But, the other boy has not moved an inch. What’s the harm? If he’d been planning to hurt Soren then he could have easily done so already. And the sandwich is so tempting. It feels like weeks, months, years from the last time he had eaten. But he will bring the stick down onto Soren or run away with the food for a laugh. It’s too dangerous. But the sandwich is so tempting. He battles with himself in frustration and bitter sorrow.
The thing that finally shatters the impasse is a slight movement. Soren’s eyes immediately shoot up to the other boy, certain now that it is a trick. The boy looks down at him, eyes flickering. His hands are quivering, and it suddenly occurs to Soren that maybe, just maybe this boy is afraid too. Both are strange and foreign to one another, after all. To the other boy, Soren is a mass of shadows creeping around like a monster in the night. Noticing his stare, the boy tries his hardest to manage an encouraging smile. It’s his choice, Soren knows. It’s his choice to reach out or draw back in fear.
He examines the other in interest. This other boy’s short blue hair is splaying haphazardly across his sweaty forehead; dirt decorates his shirt with smears of color from the earthen floor, and his face is bright with a curiously gentle smile. It’s his choice. To the other he is a broken mess of a silhouette crying out pitifully against a callous world. The sandwich sits out in front of him freely. It is his choice.

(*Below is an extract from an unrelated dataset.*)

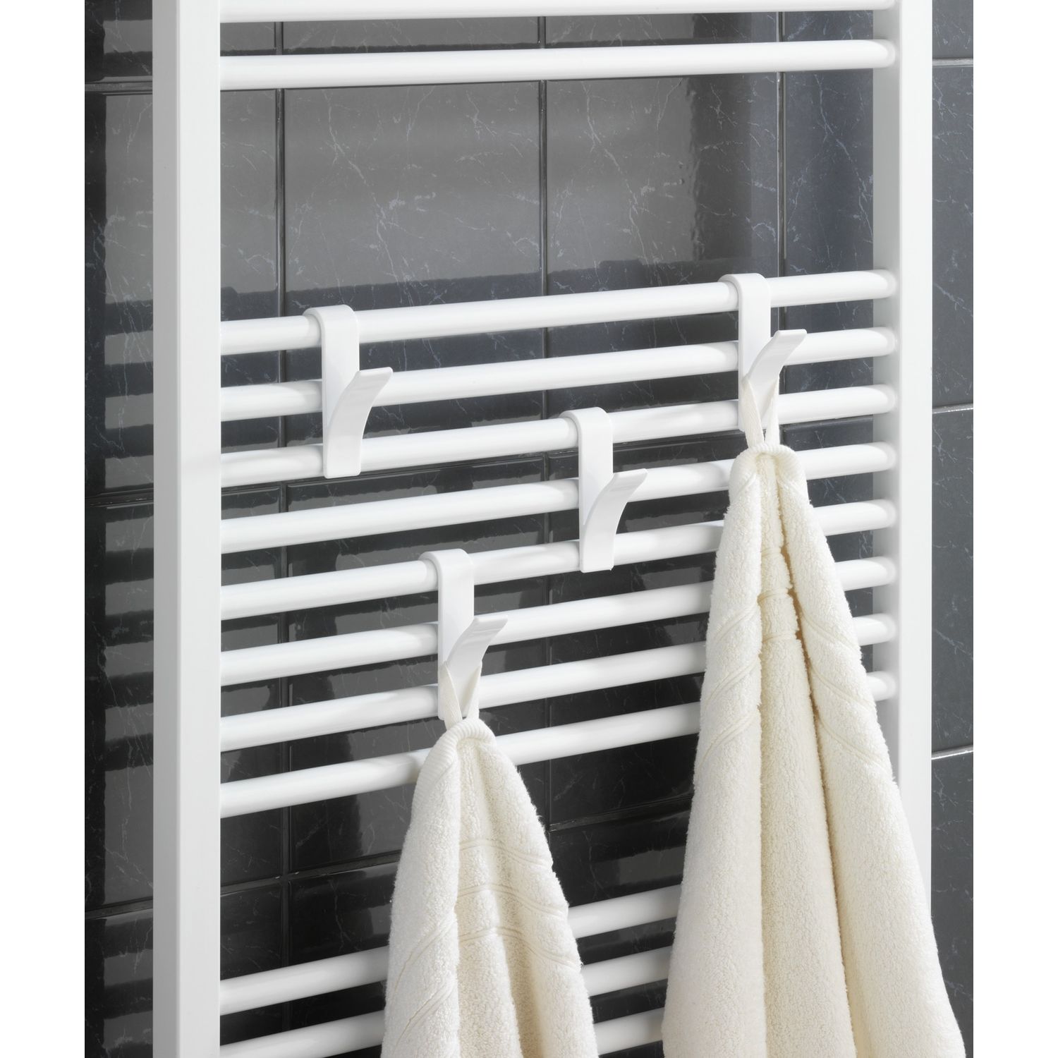 Ce lot contient 2 produits décrits ci-dessous : De l'ordre sur le radiateur de la salle de bain, voilà ce que vous garantissent ces deux crochets pratiques et robustes. Ils offrent des rangements supplémentaires pour vos serviettes en s'accrochant tout simplement sur les barres du sèche-serviettes. Placés l'un à côté de l'autre ou en décalés, vos serviettes resteront à portée de main à l'endroit souhaité.

Soren slowly extends his arm and reaches forward for the lunch box.
Within minutes the last crumbs of the sandwich have disappeared down his throat.
“Does it taste good?” The other boy’s voice is wavering with anxiety. Soren doesn’t directly respond (he can’t, anyways), instead hopefully looking up at the figure.
He pauses, looking at him curiously. “Do you want more…?” He shakes his head. “I’m sorry. That’s all I had…” Soren doesn’t move an inch. It’s not the sandwich he wants now. The other boy hesitates before sitting down in front of him, carefully making sure to roll up the piece of fabric hanging down his back and brushing off bits of foliage.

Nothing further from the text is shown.